Все уж привыкли, знают, что Никиту Иваныча нечего слушать: несет Бог знает что, сам небось половину слов не понимает.

– Тута сам Федор Кузьмич, слава ему, присутствуют!!! – затрясся Шакал Демьяныч.

– Тута я присутствую, – кашлянул Федор Кузьмич. – Разжигайте печку, голубчик, ради Бога, ноженьки померзли. Разжигайте, чего зря серчать.

Никита Иваныч только рукой махнул. С досадой. И пошел к печи. А что глава государства, не абы кто, пресветлым посещением осчастливить изволил, что беседу с народом беседует, что думками своими государственными делится, что картину в дар изволил передать, что стража с крюками и алебардами застыла навытяжку, что Константин Леонтьич опять с кляпом сидит, веревками повязанный, чтоб не смел, что у Варвары Лукинишны от напряжения все гребешки ходуном ходят, что пол багряными половиками изукрашен, – это ему как будто все равно. Прямо лаптями по государственным половикам прошел, наследил. Все так и замерли.

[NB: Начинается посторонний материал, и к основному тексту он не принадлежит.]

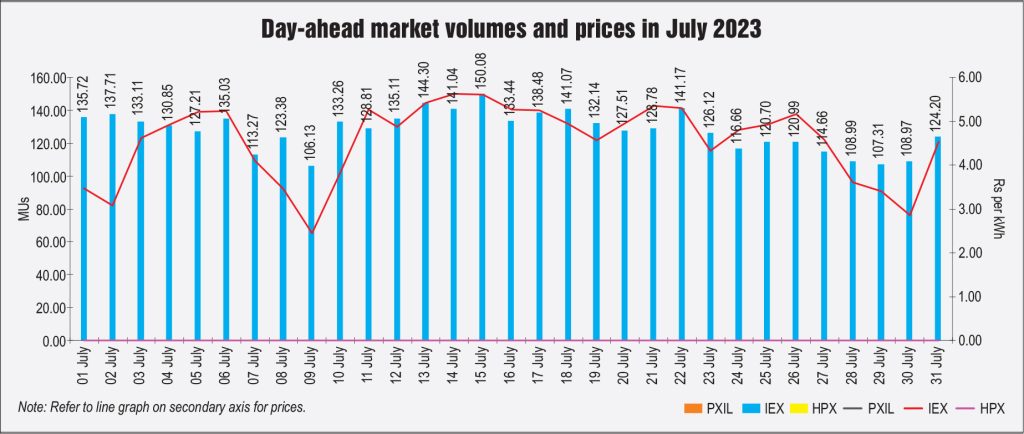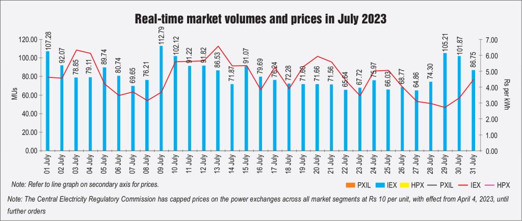 The electricity traded in the day-ahead market in July 2023 was 3,966.2 MUs at the IEX. The average market clearing price range was Rs 2.44 per unit to Rs 5.62 per unit at the IEX. The total volume traded in the real-time market in July 2023 was 2,541.23 MUs at the IEX.

– Ну, хорошо, где дрова? – недовольно так буркнул.

Малые мурзы с дровами подбежали, в печь покидали. Все смотрят, и Федор Кузьмич смотрит, и Бенедикт смотрит: никогда он не видел, как Главный Истопник огонь разжигает. А у него в руках ничего нет. И из кармана ничего не торчит.

На корточки сел. Посидел. Подумал. Голову повернул и глазами всех обвел. Опять подумал. А потом как раскроет рот, да как хыхнет: хыыыыыыыыыххххх! И изо рта его, как столб, как ветер, вышел, клубясь, огонь и вошел в печь, и ахнуло и загорелось в широкой печи, и затрещало, вздуваясь, пламя желтыми языками, словно Окаян-дерево в весеннем цвету.

И от страха и криков людских опять помутилось у Бенедикта в голове, только и видел, что Федор Кузьмич ручищами толк, да на пол прыг, да и был таков. Как опомнился, – бросился на улицу, глядь: только снег с земли до неба поднялся, а в том снеге опять смерчи ходят. И малые мурзы в обратную сторону проскакали.

А в избе опять, – ни половиков, ни шкур, стены одни голые, закопченные, пол мусором покрыт, печь гудит, тепло от нее волнами бежит, и от того тепла синий «Демон» на стенке шевелится, будто сойти хочет.

Иже

Ах, позавидовал Бенедикт Никите Иванычу! Вечером, после работы, добравшись до дому, он как всегда, волнуясь, проверил печь, и, как назло, как уж часто бывало, печь погасла. На часок бы раньше прийти, оно, может, и ничего бы, еще какая-то жизнь теплилась бы в угольках, еще можно бы, пожалуй, на колени встав и вывернув шею, как если бы молясь, дуть, дуть, – выдуть живой огонек из сизых, засыпающих деревяшечек. Да, часом раньше, – еще можно бы. Да рабочий день длинен, да пока на работу доберешься, да с работы бегом бежишь, – как нарочно, словно кто рассчитал, чтоб тебе не поспеть к сроку! Суп-то, конечно, еще не простыл, если горшок тряпками замотан был как надо; похлебать можно, но вкус у него грустный, вечерний; ешь на ощупь, в темноте, – ведь и свечу разжечь нечем, и жалко себя, так жалко! Изба тоже еще не простыла, можно спать завалиться: в зипуне, в шапке; это только ночью подмерзать начнет: поползет зима в худые щели, в пазы, будет задувать под порог, дышать холодом из подполья. А утром в избе смерть, да и только.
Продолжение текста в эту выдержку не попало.